[DATASET ENTRIES]:
%%

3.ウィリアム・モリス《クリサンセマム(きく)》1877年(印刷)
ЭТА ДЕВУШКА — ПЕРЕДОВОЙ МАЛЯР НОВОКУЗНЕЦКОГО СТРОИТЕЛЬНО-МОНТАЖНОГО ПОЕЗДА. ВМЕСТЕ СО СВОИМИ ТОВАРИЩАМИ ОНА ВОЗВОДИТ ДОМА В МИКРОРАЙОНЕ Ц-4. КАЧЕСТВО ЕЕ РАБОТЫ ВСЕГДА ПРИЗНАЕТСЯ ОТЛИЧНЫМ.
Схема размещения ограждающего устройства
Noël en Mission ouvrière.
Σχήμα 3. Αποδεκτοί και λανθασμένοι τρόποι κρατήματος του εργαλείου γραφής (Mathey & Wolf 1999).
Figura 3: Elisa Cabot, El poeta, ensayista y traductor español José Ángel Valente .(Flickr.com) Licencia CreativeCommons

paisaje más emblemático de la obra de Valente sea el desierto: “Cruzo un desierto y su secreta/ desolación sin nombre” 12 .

%%
%%

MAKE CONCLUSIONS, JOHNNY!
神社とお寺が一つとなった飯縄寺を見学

%%

[WHAT IS REQUIRED]: Above are the records. Print exactly, and only, the lines from the line with "Figura 3: Elisa" to the line with "paisaje más emblemático", both inclusive.

[ANSWER TO THIS PROBLEM]:
Figura 3: Elisa Cabot, El poeta, ensayista y traductor español José Ángel Valente .(Flickr.com) Licencia CreativeCommons

paisaje más emblemático de la obra de Valente sea el desierto: “Cruzo un desierto y su secreta/ desolación sin nombre” 12 .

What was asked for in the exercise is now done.